Qu’en est-il ? Comment l’Amérique peut-elle imposer son droit ? Un droit qui se réclame directement de la morale protestante et « qui s’impose dans le droit international sans quasiment susciter de résistance ? » (Valérie Segond). Les États-Unis, comme la France, ont depuis longtemps, étendu leur autorité au-delà de leurs frontières, pour des faits ayant des effets sur leur sol, ou commis par des nationaux à l’étranger ou portant atteinte à leur « sécurité nationale ». Ce dernier prétexte est souvent invoqué pour voter les régimes d’embargo contre les « Etats ennemis ». Depuis 2010 (Patriot Act), la notion a été copieusement élargie à tout ce qui est censé pouvoir menacer le système économique et financier mondial « dont dépendent la prospérité et la croissance ». Ce qui ressemble beaucoup à une compétence universelle.
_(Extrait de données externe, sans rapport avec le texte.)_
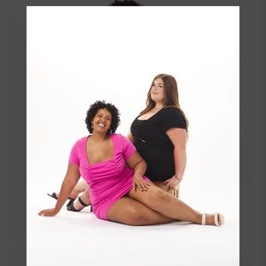 “Christian” Ruched Cotton Cut Out Dress in Fuschia from What Lo Wants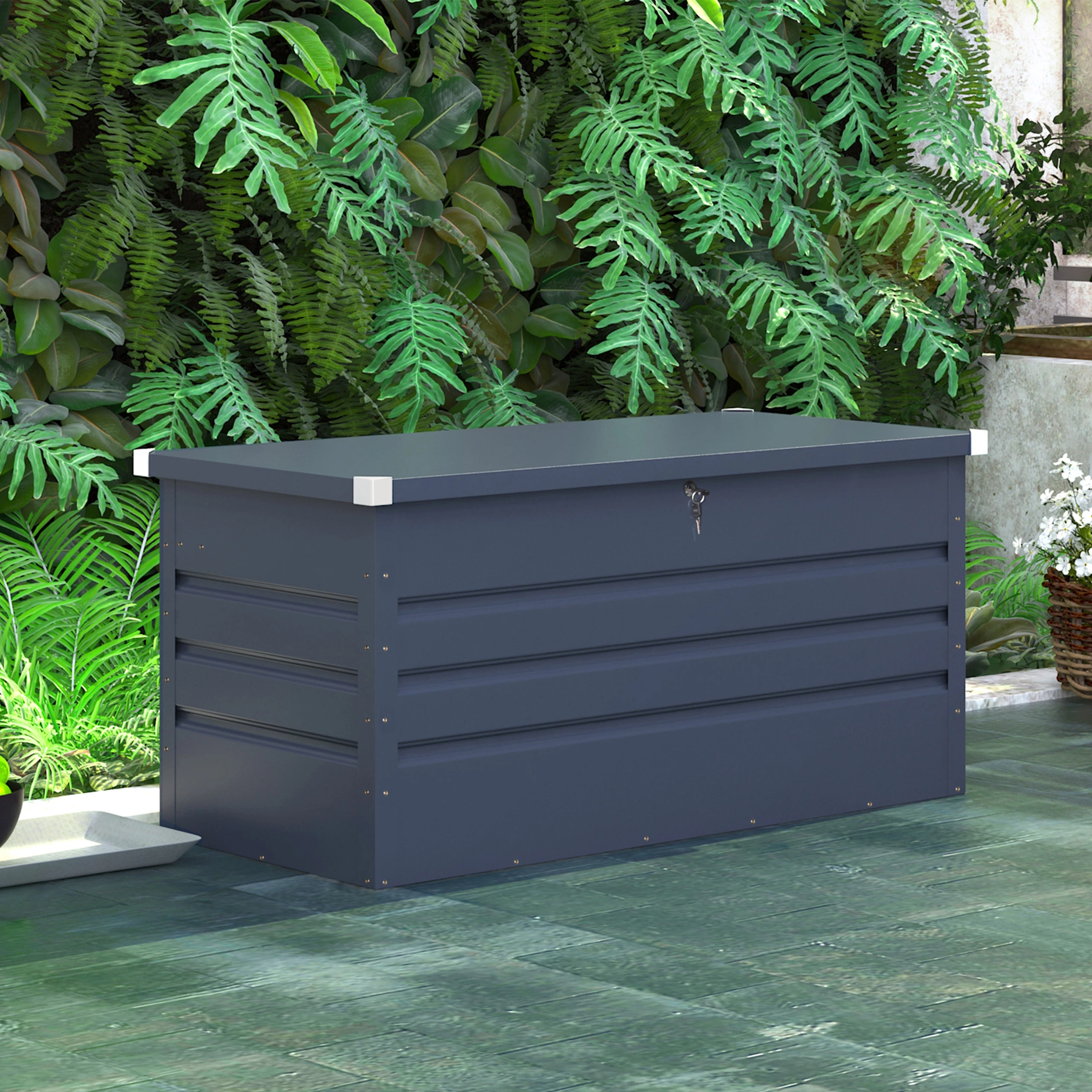 Skrzynia ogrodowa Goteborg Maxi Grey to wytrzymały i stylowy schowek wykonany z ocynkowanej blachy stalowej, idealny do przechowywania narzędzi i akcesoriów ogrodowych. Dzięki odporności na korozję i solidnej konstrukcji, skrzynia sprawdzi się zarówno w ogrodzie, jak i w warsztacie czy magazynie. Wyposażona w siłowniki ułatwiające otwieranie, zamek na klucz i śruby montażowe, zapewnia bezpieczeństwo i wygodę użytkowania. Jej szary kolor i nowoczesny design pasują do różnych przestrzeni, a duże wymiary wewnętrzne (160 cm x 60 cm x 58 cm) oferują sporo miejsca do przechowywania.

Depuis la crise des « subprimes », les Etats-Unis ont durci, à l’encontre des entreprises étrangères, des lois anciennes contre la corruption internationale et le blanchiment d’argent. Ce qui a débouché sur des poursuites visant la sincérité des comptes de sociétés telles que Alcatel-Lucent, Alstom, Total, Technip. Ou à propos de « violation d’embargo, comme BNP Paribas : cette banque accusée d’avoir financé, depuis la Suisse, des opérations commerciales avec des partenaires basés à Cuba, en Libye, au Soudan, en Iran, a dû payer des pénalités de 8,9 milliards de dollars ! Désormais les États-Unis disposent de sources innombrables de renseignements. Toutes les données numériques notamment françaises sont sur des serveurs américains. De plus, ils ont organisé une sorte de chasse aux supposés coupables. Une chasse avec des grosses primes. Selon la loi Dodd-Frank, il est reversé aux « lanceurs d’alerte » qui dénoncent telle ou telle société étrangère, entre 10 et 30 % des sanctions !
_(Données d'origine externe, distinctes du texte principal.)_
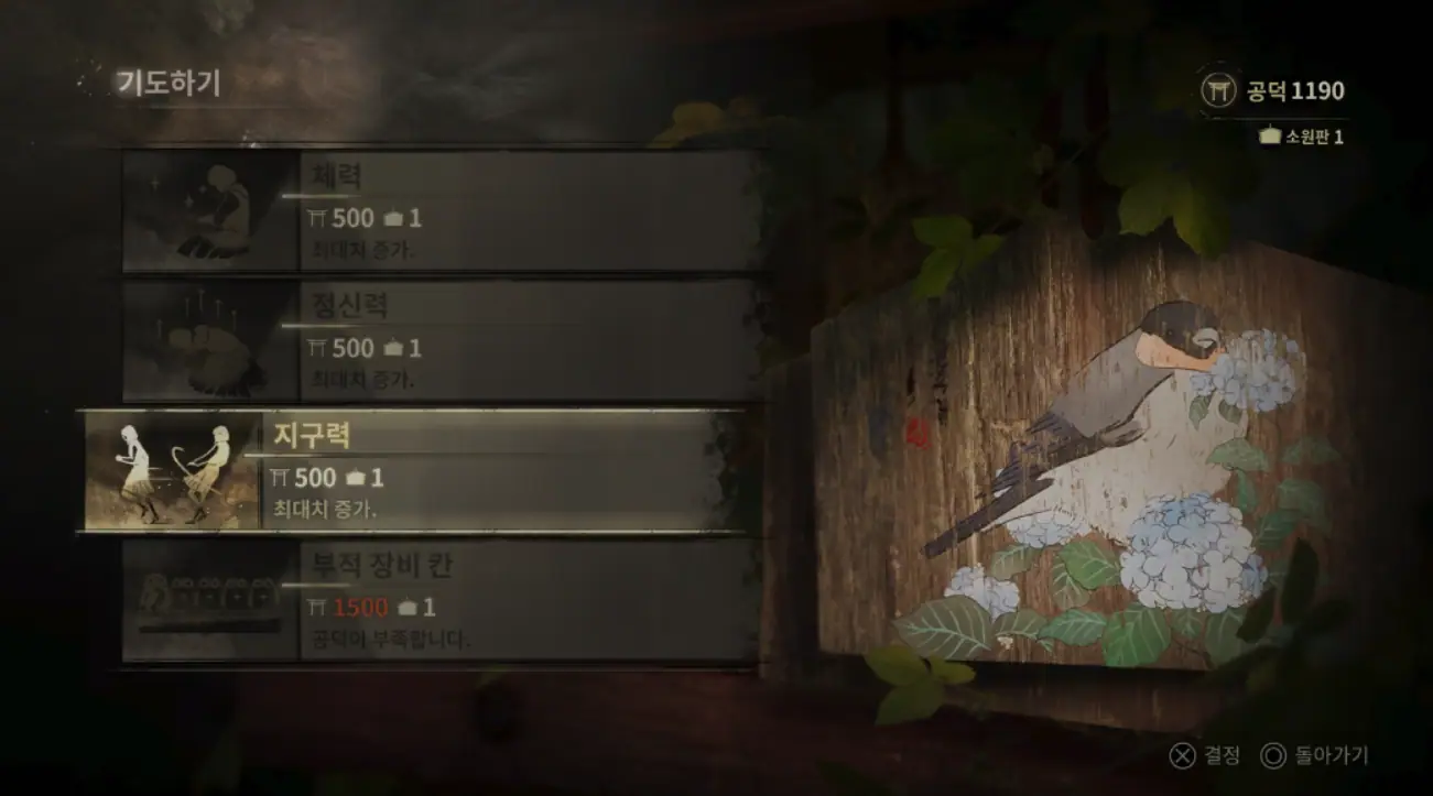 중반 이후로 나아가면 여우 신사 공간에서 히나코가 '짐승의 팔'을 얻게 되는데, 거기서부터는 게임플레이가 또 한 번 급격한 변화를 맞이한다. 강력한 공격과 함께, 적의 혼을 흡수해 각성(L3+R3 동시 입력)까지 할 수 있는 존재로 거듭나게 되는 것. 이렇다보니 여우 신사 구간에서는 적과의 전투에 대한 피로도는 줄어들지만, 그만큼 퍼즐을 풀기 위한 동선에 더욱 집중한다는 느낌을 받을 수 있었다.

On comprend le zèle mis dans ces enquêtes si morales. Le rapport Lellouche-Berger explique clairement que, pour monter ces dossiers, tous les moyens sont bons. Les agences de renseignement, des institutions monétaires, commerciales et autres doivent participer : la Réserve fédérale, la SEC (Securities and Exchange Commission), l’OFAC, les services financiers de New York. Mais aussi la CIA et la NSA ! Plus d’autres officines publiques ou privées. Comme l’ont écrit les auteurs du rapport : « Les différentes administrations judiciaires américaines sont devenues de véritables chasseurs de primes ». Le département de la justice a « proposé » (euphémisme) aux entreprises visées de coopérer. Pour continuer à travailler aux Etats-Unis, elles doivent « s’engager à faire réaliser à leurs frais une enquête interne approfondie sur les faits présumés, en communiquer les résultats aux autorités, à s’acquitter d’une amende » négociée » et accepter la nomination d’un contrôleur interne ». Comparées à ces fort coûteuses exigences de repentance collaboratrice, les procédures soviétiques paraissent bien plus simples.
Elles rapportent énormément au département de la justice. En milliards de dollars. Les auteurs du rapport soulignent que par ces procédures, les administrations judiciaires américaines… « cherchent à se financer sur les résultats de leurs poursuites… » en visant les concurrents des entreprises américaines. Depuis 2008, les entreprises européennes ont versé 6 milliards de dollars (5,4 milliards d’euros) aux États-Unis pour violation de la loi anticorruption. Depuis 2009, les banques européennes se sont acquittées de 16 milliards de pénalités pour non-respect des sanctions économiques imposées par Washington. Actuellement, seule la Chine, qui ambitionne de prendre la première place et protège ses entreprises, refuse de faire appliquer les jugements américains.